La urna, gigantesca. Tiene espacio para todos mis bienes afectivos: mi Cuadernito del Tiempo Perdido, donde en el hiato entre el curso primario y el curso secundario, yo copiaba poemas, frases y pensamientos de poetas y pensadores universales: “Ando buscando espacio/para el dibujo de la vida”. (Cecília Meireles) “¡Dios! ¡Oh Dios! ¿Dónde estás que no me respondes?” (Castro Alves) “¿Por qué de su distancia/Para mi compañía/No bajaba aquella estrella?/ ¿Por qué tan alta Luzia? (Manuel Bandeira); “El río alcanza sus objetivos, porque aprendió a contornar obstáculos”. (Lao-Tsé) “Un día aprendes que no importa en cuántos pedazos tu corazón fue partido, el mundo no para que lo arregles”. (William Shakespeare) “La imaginación es más importante que el conocimiento”. (Albert Einstein)

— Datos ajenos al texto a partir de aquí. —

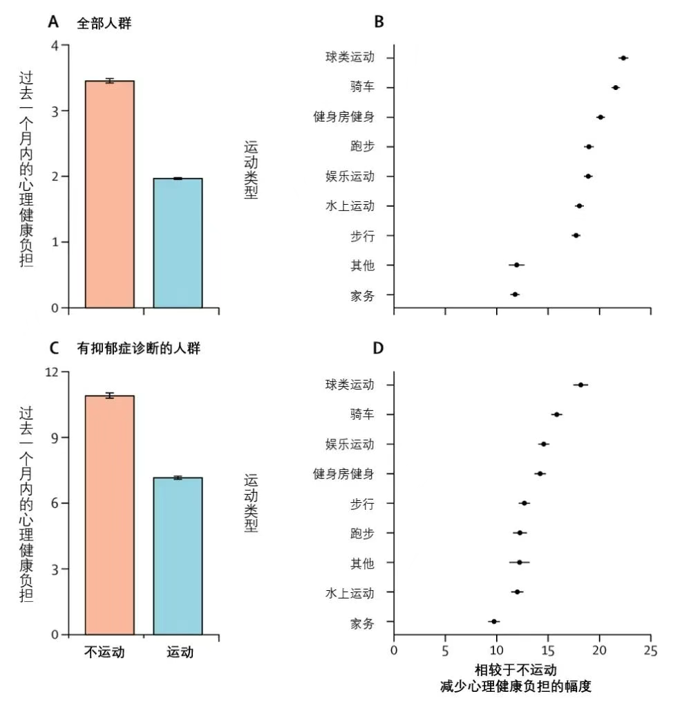 一項(xiàng)涉及超過(guò)120萬(wàn)的超大規(guī)模調(diào)查研究發(fā)現(xiàn),與不運(yùn)動(dòng)的人相比,經(jīng)常運(yùn)動(dòng)的人報(bào)告的每月心理健康不佳天數(shù)平均減少1.49天,降幅達(dá)到43.2%,尤其是對(duì)于那些既往有抑郁癥診斷的人來(lái)說(shuō)效果更好,運(yùn)動(dòng)能讓他們每個(gè)月心理健康不佳的天數(shù)減少3.75天,降幅也達(dá)到了34.5%。而且,在所有的運(yùn)動(dòng)類型中,球類運(yùn)動(dòng)起到的效果是最好的,能夠減少大約22.3%的心理負(fù)擔(dān),而羽毛球運(yùn)動(dòng)就是其中之一。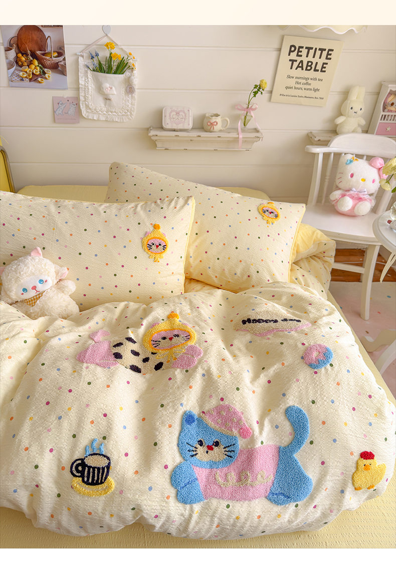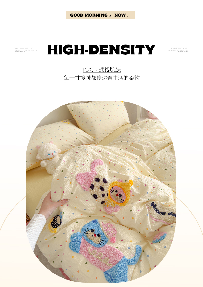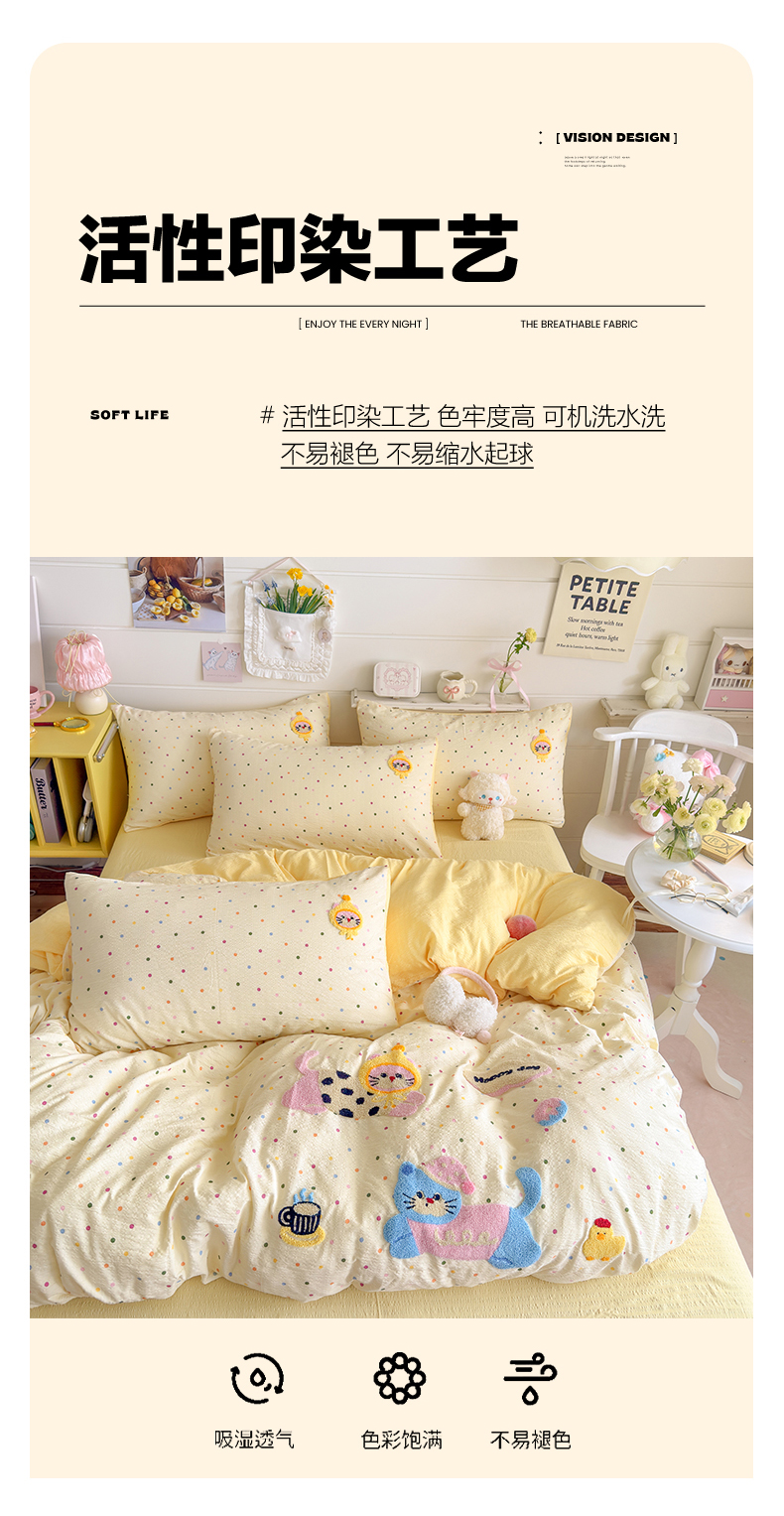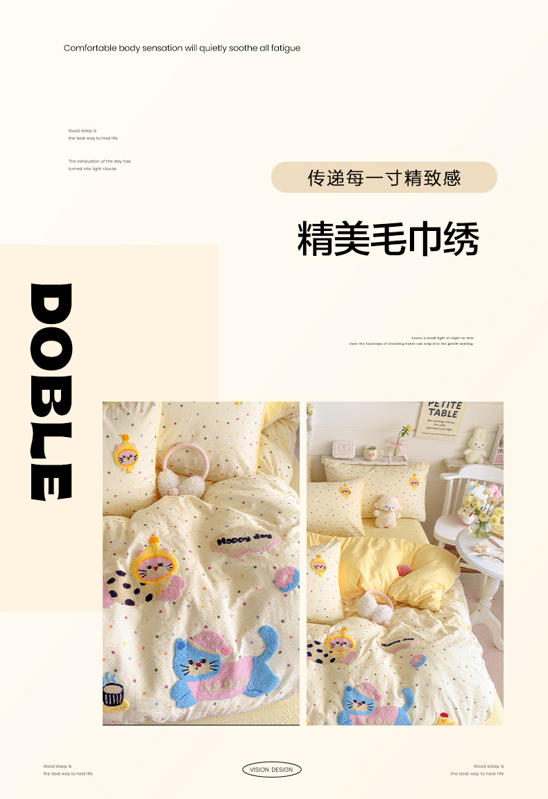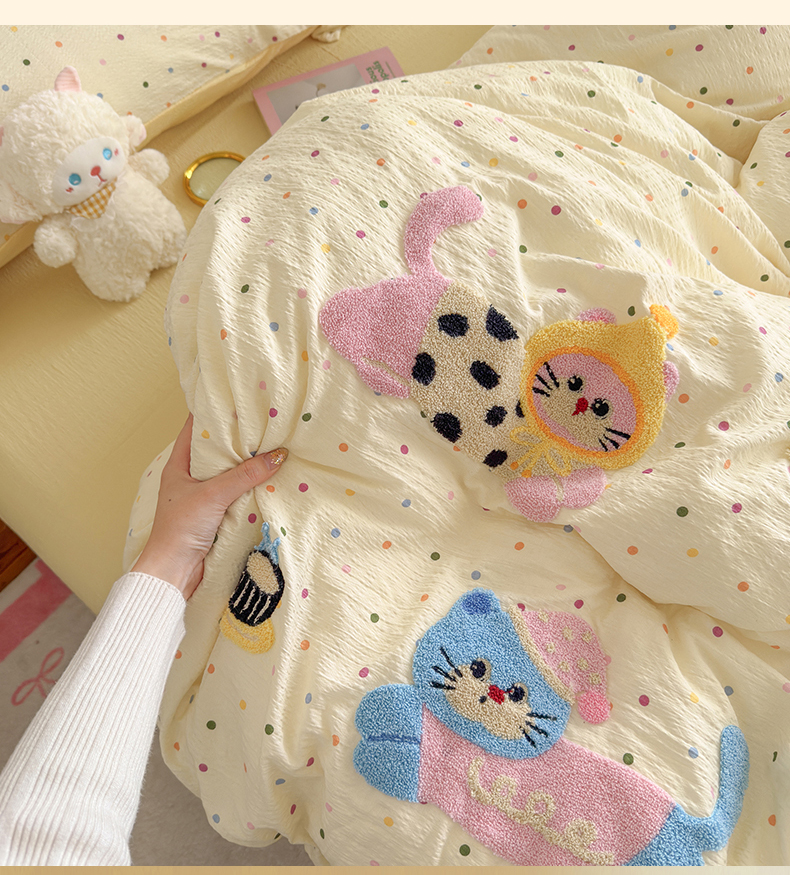 当前位置: 91家纺网 > 商品网购 > 床品套件 > 四件套 > 其它四件套 > 卡斯诺家纺馆 2026新款皱皱棉双层纱毛巾绣四件套(下载文件包含买家秀) 快乐猫咪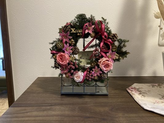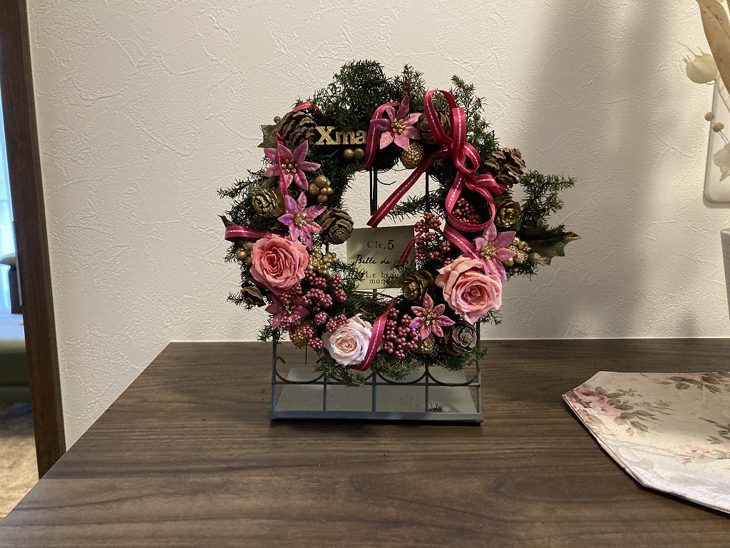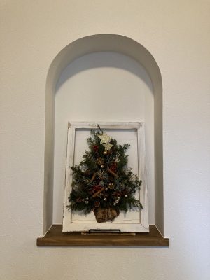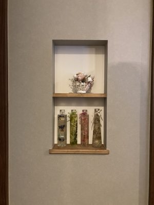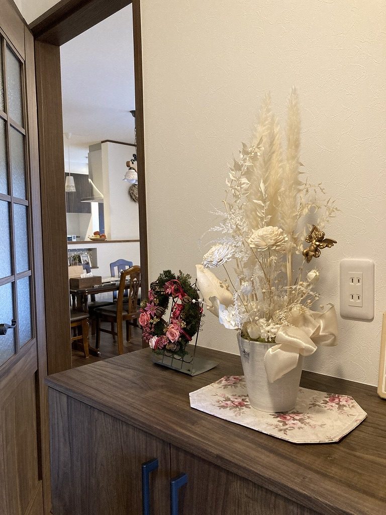 ニッチには、奥様が月一度通われているアレンジメント教室の作品が飾れています👍

Mi diario – compañero y confidente en altas madrugadas de abandono y soledad – barco en la travesía de noches no dormidas, de celibato y de clausura; todas las cartas de amor – barco, brisas, bálsamo y caricias en el mar a la deriva; el botón de rosa roja, oferta del Profesor de Historia, mi padrino de licenciatura; mis tres libros de cabecera: Tierra de los Hombres, de Saint-Exupery: “Lo que salva es dar un paso. Otro pasó más. Es siempre el mismo paso que recomienza”; El Profeta, de Khalil Gibran: “… de la misma forma que el amor os corona, así él os crucifica”. (…) y no penséis que podéis dirigir el curso del amor, pues el amor, si os encuentra dignos, determinará por sí mismo vuestro curso”; Estaciones de la Ausencia, del Poeta Paschoal Motta: “Con el pétalo de tu nombre, / nace la rosa de la mañana”; la sillita que Edimur, mi hermano más viejo, le hizo a mi muñeca. Mi hermano era el muchacho más sabido y corajudo del mundo. Sólo él sabía usar las herramientas de mi padre, andar en bicicleta equilibrándome en la parte de atrás, hacer canoas de pita y navegar en la represa llevándome en la proa, como Iara, la Madre del agua; los tres barquitos de papel, Niña, Pinta y Santa María, con quien yo jugaba en el torrente y navegaba con Edmundo, mi hermano del medio, a quien yo le decía Mundinho. Fue Mundinho el que me inició en las grandes navegaciones – quien hizo mi primer barco y me enseñó a navegar, a lidiar con las tempestades, monstruos y dragones.

Con mi hermano en el comando, navegué en busca de tierras desconocidas. Y llegué a “Puerto Seguro”, con doña Inês, mi madre, gritando por la ventana: “¡Salgan de la lluvia, niños!” Aprendí a amar a mi país, esa tierra en que plantando, todo da”. Aprendí el gusto de la aventura de vivir.

Más tarde, sola por riachuelos, ríos y mares nunca antes navegados, pasé por entre tormentas, enfrenté a monstruos y dragones. Y doblé el Cabo de Buena Esperanza.

Y aun abandonada por la tripulación, navegando en un río de lágrimas, en noches de tempestad, sin brújula y sin farol, con todas las estrellas apagadas, yo no dejé el barco hundirse ni perdí el sueño del navegante. Y seguí cantando la canción de los argonautas: “navegar es necesario/vivir no es necesario”.